Improved Relapse Prediction in Pediatric Acute Myeloid Leukemia By Deconvolving Lineage-Specific and Cancer-Specific Features in Single-Cell Data

Introduction

While most children with acute myeloid leukemia (AML) achieve first remission, nearly 40% will relapse. Of these children, few survive to a second remission even with highly-escalated treatment protocols. Recent studies have shown that many AML patients harbor rare, stem cell-like subpopulations that resist chemotherapy and drive relapse. However, the exact characteristics of these relapse-associated cells are a matter of contention, with reported phenotypes spanning the hematopoietic developmental continuum. In some patients, treatment-resistant cells can be detected as minimal residual disease (MRD), which is often used to predict relapse, albeit with limited accuracy and only after induction chemotherapy. Thus, the identity of treatment-resistant cells as well as their relationship to normal progenitors remain mysterious, thereby limiting the development of targeted therapies for pediatric AML.

Here, we present a computational approach for decomposing high-dimensional single-cell measurements into two components: a lineage-specific component that can be used to align cancer cells with specific stages of myeloid development and a cancer-specific component that can be used to identify aberrant phenotypes unique to AML cells. We show that, together, these components can be used at the time of diagnosis to predict relapse more accurately than clinical information alone.

Methods and Results

Using mass cytometry, we analyzed paired diagnostic and post-induction samples collected from 19 (8 relapse, 11 non-relapse) pediatric patients who enrolled on the Children's Oncology Group trial AAML1031. All patients were treated on the control arm and consented to banking of tissue for research. We also included 5 bone marrow samples from healthy donors. After thawing, samples were divided in half and stimulated with conditioned medium from the human bone marrow stromal cell line HS-5 to activate relevant signaling pathways, or left unstimulated. An average of 5 x 10⁵ cells per patient were analyzed for each condition. The mass cytometry panel included 31 antibodies to surface markers, 6 antibodies to intracellular signaling mediators, and 4 antibodies to intracellular proteins and transcription factors.
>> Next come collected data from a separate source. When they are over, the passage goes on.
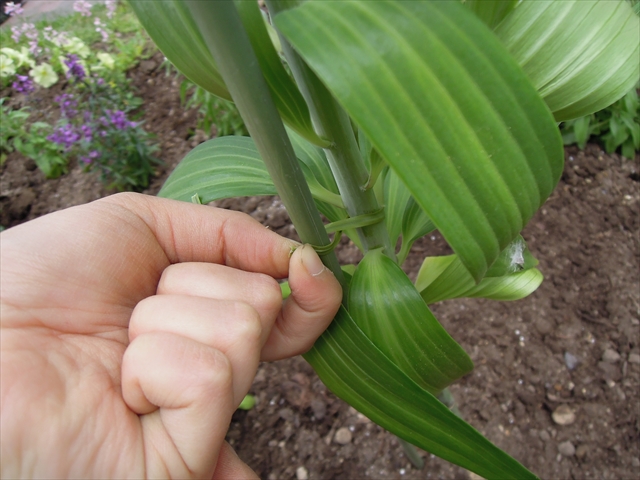 全体をみて、場所がきまったら植えていきましょう。ユリは球根の植物なので、深い穴をシャベルで掘ってから植えます。ヒョロっと茎が長くなっていて風に負けそうだったので、支柱を立てました。八の字に2カ所固定します。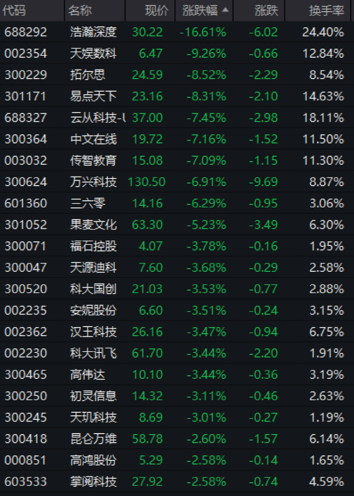 人工智能板塊持續(xù)走弱,AIGC、ChatGPT方向領跌,浩瀚深度盤中20CM跌停,天娛數(shù)科(002354)逼近跌停,拓爾思(300229)、云從科技、中文在線(300364)等熱門股跌超5%。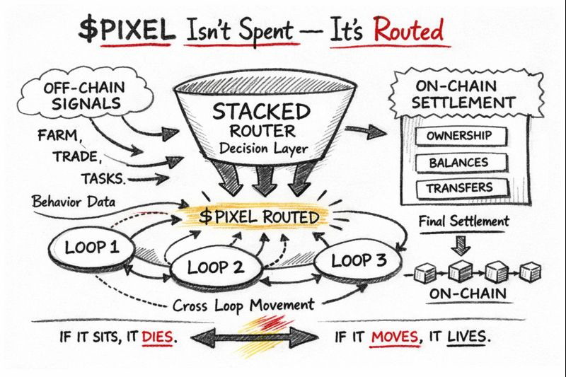 Everything final still settles on-chain ownership, balances, transfers. But by the time $PIXEL moves there, its path has already been shaped.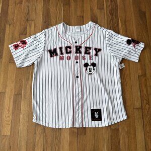 Disney Parks True Original Mickey Mouse Pinstripe Baseball Jersey #28 Size XXL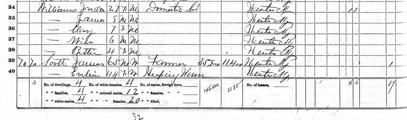 1870 Federal Census; North Middleton Precinct, Bourbon County, KY. Household of James Scott, page 14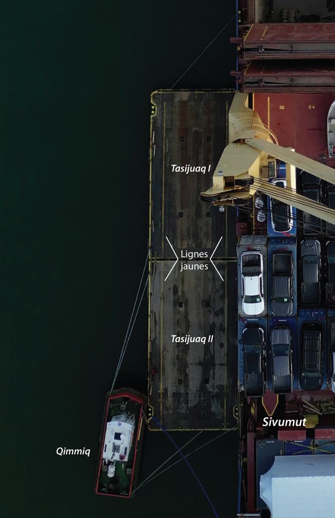 Figure 3. Le Tasijuaq I et le Tasijuaq II, reliés et exploités comme un seul chaland (le Tasijuaq), avec les lignes jaunes peintes sur toute la longueur de son pont. Le Tasijuaq est amarré le long du côté bâbord du Sivumut, le Qimmiq étant attaché au chaland selon une disposition de remorquage à couple.

Following data collection, the singular value decomposition was applied to the data matrix of healthy single-cell measurements to construct a linear subspace representing the predominant protein expression programs ("eigencells") within the healthy myeloid developmental continuum. By projecting AML single-cell measurements onto this subspace, we derived a healthy feature vector aligned with the healthy subspace and a cancer-specific feature vector orthogonal to the healthy subspace for each AML cell. These feature vectors-along with clinical metadata about each patient including age, blast percentage at diagnosis, and cytogenetic status-were used as the input to regularized Cox proportional hazards models predicting time-to-relapse for each patient. Using the relative risk scores from the proportional hazards model, patients were assigned to high-risk or low-risk groups according to the optimal log-rank test threshold.

The baseline clinical model used only age, blast percentage at diagnosis, and cytogenetic status as predictors and predicted relapse status with an accuracy of 13/19 (68%). This baseline model was outperformed by the model constructed using the average value of the single-cell cancer-specific feature vectors for each patient, which predicted relapse status with an accuracy of 16/19 (84%). Interestingly, despite using only information available at diagnosis, the single-cell model also outperformed a clinical model incorporating patients' MRD status after induction chemotherapy, which predicted relapse with an accuracy of 15/19 (79%). Interrogation of the coefficients of the single-cell feature model revealed specific cellular signaling programs associated with relapse, including enhanced pCreb and pSTAT1 signaling as well as depleted pSTAT5 signaling relative to healthy lineage cells (Figure 1).

Conclusions

These results support the feasibility of predicting relapse in AML as early as diagnosis by leveraging a computational approach that compares cancer cells to the native lineage from which they arise. Validation of this approach in an independent cohort is ongoing and will be presented.

No relevant conflicts of interest to declare.